Yoga

Yoga for Pain Relief: a Testimonial

A few years ago I had the pleasure to meet Karen Whittier, a yoga instructor from Seattle, WA  who truly lives a life with passion and purpose.     

I asked Karen to share in her own words how yoga has impacted her life.   If you are new to  yoga, or have pain and stiffness and are interested in yoga for pain relief as well as for overall wellness, you will want to read Karen’s story.

Yoga for Pain Relief:  A Testimonial

by Karen Whittier

I’ve been asked many times what got me interested in yoga.   Actually the answer is really simple:  Pain Relief.

I recently read the book We Are All Alike, We Are All Different to a group of preschool children.  The book and our following discussion pointed out that there are similarities in all of us AND differences.  We all have bodies.  Some bodies are more flexible than others; I would be in the others category.  I think I was just born with a more snug musculo-skeletal arrangement.

Years and years of running with no thought to stretching or really incorporating any cross-training activity created the perfect storm: shortened, over-worked muscles and weak, under-used muscles with hip mobility severely restricted.  Once in this situation it was a spiral downward for me into constant pain, greater inflexibility and less mobility.  I hurt essentially all the time which made sleeping…a time for rejuvenation…almost impossible.

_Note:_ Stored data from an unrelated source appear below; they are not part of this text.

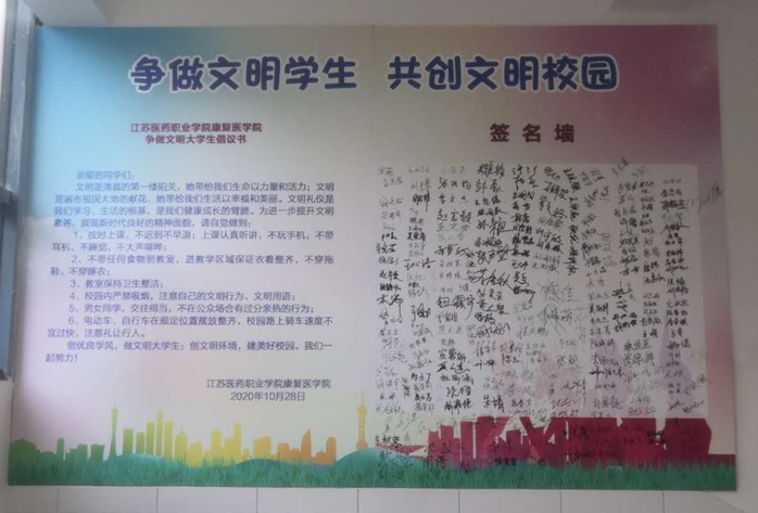 文明使者,共创和谐。为进一步提升文明素养,展现大学生良好的精神面貌,康复医学院发出了《争做文明学生,共创文明校园倡议书》,倡议同学们从点滴做起、从身边做起,创优良学风、做文明大学生,创文明环境、建美好校园。此外,在每个班级的公告栏上,康复医学院制作了崭新的文明修身小提示,以“浸润式”宣传对同学进行提醒和要求,润物无声地提升学生的文明意识。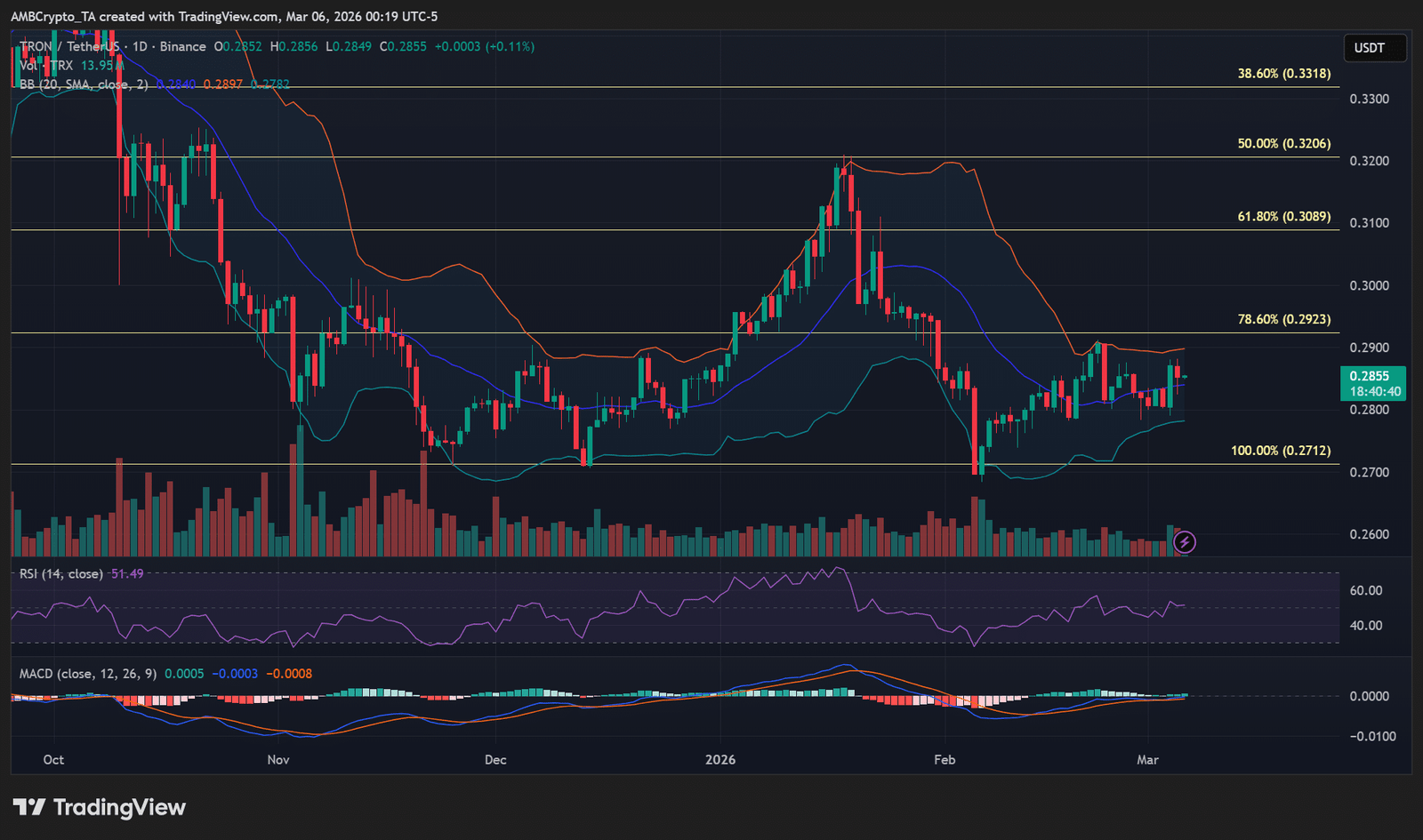 Allerdings reagierte der TRX-Preis zum Zeitpunkt des Schreibens nicht auf das Update. Der Altcoin wurde bei 0,28 $ gehandelt, nachdem er am 5. März nach dem leichten Rückgang von Bitcoin gesunken war.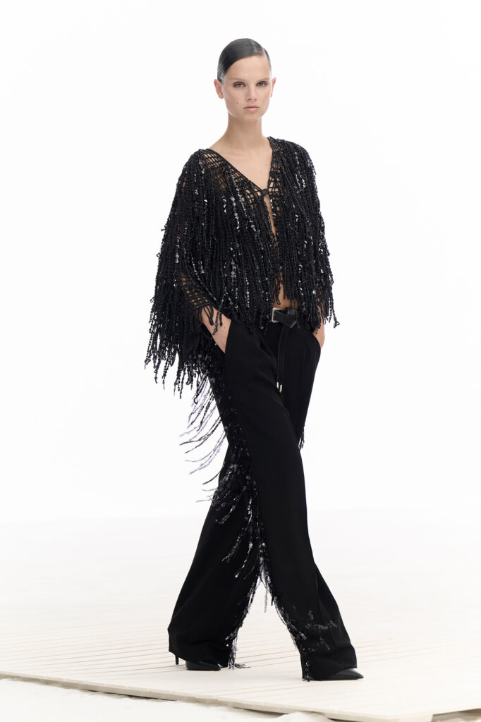 La maglieria è il punto di riferimento dell’esplorazione e della sperimentazione: punti a rete giocano con geometrie morbide, volumi impalpabili sono percorsi da ricami effetti craquelé, preziosissimi macramè danno vita a fantasie tridimensionali. Il filato rinasce ancora, prezioso e naturale, libero o intrecciato, come raffinata disegnatura, frangia raw sparkling o fluida texture metallica.

I had tried yoga over the years.  I even liked it, but I was wedded to the No Pain, No Gain mentality.  So with limited time for workouts I went all out….eventually to a crash & burn.  With anti-inflammatories not giving relief I decided to give yoga a try.  I committed to practice twice a week.

Uttanasana

I whole-heartedly embraced props!  Out of necessity really as, at first, I could not touch my toes. In fact, I needed to bend my knees to even reach the blocks I’d placed in front of my feet for Uttanasana.  I couldn’t take my arms behind me and clasp my hands together…thank goodness for straps!

sukhasana

I couldn’t for the life of me sit up on my ‘sit bones’ in Sukhasana and needed blocks (yes that would be more than one) to sit on so my knees could be below my waist.

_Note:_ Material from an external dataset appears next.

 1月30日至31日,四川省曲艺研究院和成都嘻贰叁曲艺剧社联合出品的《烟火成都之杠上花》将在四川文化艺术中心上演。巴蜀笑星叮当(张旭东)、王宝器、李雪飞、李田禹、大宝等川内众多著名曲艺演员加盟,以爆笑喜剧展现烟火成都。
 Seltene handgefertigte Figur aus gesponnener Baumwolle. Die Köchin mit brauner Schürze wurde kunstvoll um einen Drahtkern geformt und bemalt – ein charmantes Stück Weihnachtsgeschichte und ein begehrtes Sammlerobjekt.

My first goal was to bring some movement back into my hips.  The hips, theoretically, are able to move in all 3 planes.  The poses that seemed to ease my hips into releasing initially:

utkatasana (chair pose)
Utkatsana (Chair pose) to release my hamstrings and lengthen my calves
Virabhadrasana 1 (Warrior 1)
Crescent,modified Virabhadrasana I (Warrior 1) opened up my hip flexors and lengthened my quads
Virabhadrasana II (Warrior 2)
Virabhadrasana II (Warrior 2) to open up the hips
supta baddha konasana
Supported Supta Baddha Konasana (Reclining Bound Angle pose) to lengthen my adductors and encourage external rotation of the legs. I used blocks under my legs–at first fairly closeto the hips to prop my legs. I needed that support because my adductors would ‘grip’ and resist releasing without it.

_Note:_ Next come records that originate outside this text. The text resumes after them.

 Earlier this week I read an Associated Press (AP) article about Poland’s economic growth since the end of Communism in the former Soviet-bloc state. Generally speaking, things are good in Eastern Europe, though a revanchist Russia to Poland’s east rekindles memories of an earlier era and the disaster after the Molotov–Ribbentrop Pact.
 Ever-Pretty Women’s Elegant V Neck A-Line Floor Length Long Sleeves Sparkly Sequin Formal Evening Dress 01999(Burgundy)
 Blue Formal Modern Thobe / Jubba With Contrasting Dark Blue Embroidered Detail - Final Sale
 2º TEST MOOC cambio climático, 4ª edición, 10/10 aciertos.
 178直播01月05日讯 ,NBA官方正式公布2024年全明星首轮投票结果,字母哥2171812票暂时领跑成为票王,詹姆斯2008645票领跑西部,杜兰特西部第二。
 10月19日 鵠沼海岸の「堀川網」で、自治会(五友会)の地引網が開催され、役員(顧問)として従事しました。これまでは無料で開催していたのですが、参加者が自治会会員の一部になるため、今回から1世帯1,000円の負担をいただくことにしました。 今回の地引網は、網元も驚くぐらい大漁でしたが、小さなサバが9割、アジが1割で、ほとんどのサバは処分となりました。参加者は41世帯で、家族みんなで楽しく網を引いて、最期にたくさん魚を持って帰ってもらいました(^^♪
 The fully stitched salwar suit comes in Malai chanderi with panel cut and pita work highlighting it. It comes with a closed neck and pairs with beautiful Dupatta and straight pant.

Changes didn’t come instantly, but within a couple months I noticed I could move more freely.  As important, I could sit more comfortably.  Sitting had been so painful with anything requiring more than 10 minutes usually bringing me to tears.  I remember unbuckling my seatbelt as soon as the Buckle Your Seatbelt sign went out and standing for most of a flight to California.  Once I realized I was feeling and moving better, I wanted to feel and move even better!

And so I got hooked on yoga…and why wouldn’t I?  I credit yoga for giving me my physical freedom back and freeing me of chronic pain.  I’ll never be so flexible to be confused with a Cirque du Soleil performer, but at least now I’m not the Tin Man’s double!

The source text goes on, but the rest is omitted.